The big feature on the HD 5800 series is the 256-bit bus as opposed to the HD 5770 and its 128-bit. As for the core clock, that comes in at 800MHz which is down from the HD 5770 but up on the HD 5850 and its 725MHz. The main thing to remember is that while the HD 5850 does have a lower memory clock and core clock, it does have double the ROPs and more stream processors.

The model really sits exactly where you would think it does, smack bang in the middle of the HD 5770 and HD 5850. Unlike the HD 5570 which was in between the HD 5450 and HD 5670, but leant much more towards the HD 5670, this model should perform bang smack in the middle of the two either side of it.

Test System Setup and 3DMark Vantage


Test System Setup

Processor(s): Intel Core i7 920 @ 3.8GHz (190MHz x 20)
Cooling: Noctua NH-U12P (Supplied by Noctua)
Motherboard(s): GIGABYTE EX58-UD5 (Supplied by GIGABYTE)
Memory: 3 X 2GB Kingston Hyper X PC3-16000 2000MHz DDR CL9 (Supplied by Kingston)
Hard Disk(s): Western Digital 300GB Velicorapter (Supplied by Western Digital)
Operating System: Windows 7
Drivers: ATI Catalyst 10.2, Cypress LE BETA driver.

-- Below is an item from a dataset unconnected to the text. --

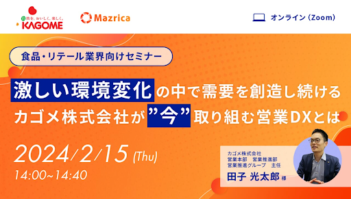 「Mazrica Sales(旧Senses)」が、「自然を、おいしく、楽しく。」をブランドステートメントに掲げる日本の食品・飲料・調味料の大手総合メーカーであるカゴメ株式会社(以下、カゴメ社)に導入されました。これに伴い食品・リテール業界向けに、 業界が ”今” 取り組むべき営業DXについてと題し、課題から導入に至った背景、理想像や展望についてご紹介するセミナーを2月15日14時〜開催いたします。

When it came to comparing the HD 5830, the decision in what to compare it against was pretty easy; the current flock of ATI cards that sit around it which include the HD 5770 which is the model directly below it, the HD 5850 which is directly above it and the HD 5870 which is the cream of the crop from ATI when it comes to single GPU performance.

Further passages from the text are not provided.